Abstract

In his Res Gestae, the historian Ammianus Marcellinus describes the Egyptian city of Thebes and the obelisks that can be found there. There is an unusual passage in which he describes hieroglyphic writings. He goes on to show, through two examples, how hieroglyphs might seem bizarre, but in fact contain their own logic which can be explained (Amm. Marc. 17.4.10–11, translation mine): non enim ut nunc litterarum numerus praestitutus et facilis exprimit quicquid humana mens concipere potest, ita prisci quoque scriptitarunt Aegyptii, sed singulae litterae singulis nominibus seruiebant et uerbis; non numquam significabant integros sensus. cuius rei scientiam his inseram duobus exemplis. per uulturem naturae uocabulum pandunt, quia mares nullos posse inter has alites inueniri rationes memorant physicae, perque speciem apis mella conficientis indicant regem moderatori cum iucunditate aculeos quoque innasci debere his signis ostendentes. et similia plurima.For the ancient Egyptians did not write as nowadays, when a prescribed and easy series of letters expresses whatever the human mind can imagine; but individual characters served as individual nouns and verbs; and sometimes they signified whole ideas.
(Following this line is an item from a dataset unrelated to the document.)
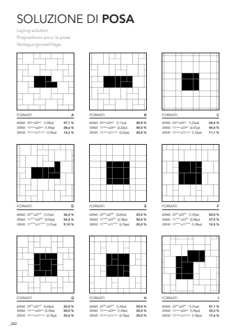 332SOLUZIONE DI POSALaying solutionPropositions pour la poseVerlegungvorschl%u00e4geFORMATIA60X60 235/8%u201dx235/8%u201d (1,59pz) 30X60 1113/16%u201dx235/8%u201d (1,59pz) 30X30 1113/16%u201dx1113/16%u201d (1,59pz) 57,1 % 28,6 %14,3 %FORMATIB60X60 235/8%u201dx235/8%u201d (1,11pz) 30X60 1113/16%u201dx235/8%u201d (2,22pz) 30X30 1113/16%u201dx1113/16%u201d (2,22pz) 40,0 % 40,0 %20,0 %FORMATIC60X60 235/8%u201dx235/8%u201d (1,23pz) 30X60 1113/16%u201dx235/8%u201d (2,47pz) 30X30 1113/16%u201dx1113/16%u201d (1,23pz) 44,4 % 44,4 %11,1 %FORMATID60X60 235/8%u201dx235/8%u201d (1,01pz) 30X60 1113/16%u201dx235/8%u201d (3,03pz) 30X30 1113/16%u201dx1113/16%u201d (1,01pz) 36,4 % 54,5 %9,10 %FORMATIE60X60 235/8%u201dx235/8%u201d (0,69pz) 30X60 1113/16%u201dx235/8%u201d (2,78pz) 30X30 1113/16%u201dx1113/16%u201d (2,78pz) 25,0 % 50,0 %25,0 %FORMATIF60X60 235/8%u201dx235/8%u201d (1,39pz) 30X60 1113/16%u201dx235/8%u201d (2,08pz) 30X30 1113/16%u201dx1113/16%u201d (1,39pz) 50,0 % 37,5 %12,5 %FORMATIG60X60 235/8%u201dx235/8%u201d (0,69pz) 30X60 1113/16%u201dx235/8%u201d (2,78pz) 30X30 1113/16%u201dx1113/16%u201d (2,78pz) 25,0 % 50,0 %25,0 %FORMATIH60X60 235/8%u201dx235/8%u201d (1,39pz) 30X60 1113/16%u201dx235/8%u201d (1,39pz) 30X30 1113/16%u201dx1113/16%u201d (2,78pz) 50,0 % 25,0 %25,0 %FORMATII60X60 235/8%u201dx235/8%u201d (1,31pz) 30X60 1113/16%u201dx235/8%u201d (1,96pz) 30X30 1113/16%u201dx1113/16%u201d (1,96pz) 47,1 % 35,3 %17,6 %

I will show the knowledge of this with these two examples. They represent the word for ‘nature’ by a vulture, because no males can be found among these birds, as natural history records; and by the figure of the bee making honey they indicate ‘a king’, showing by these signs that in a ruler stings also ought to arise from sweetness. And there are many similar instances.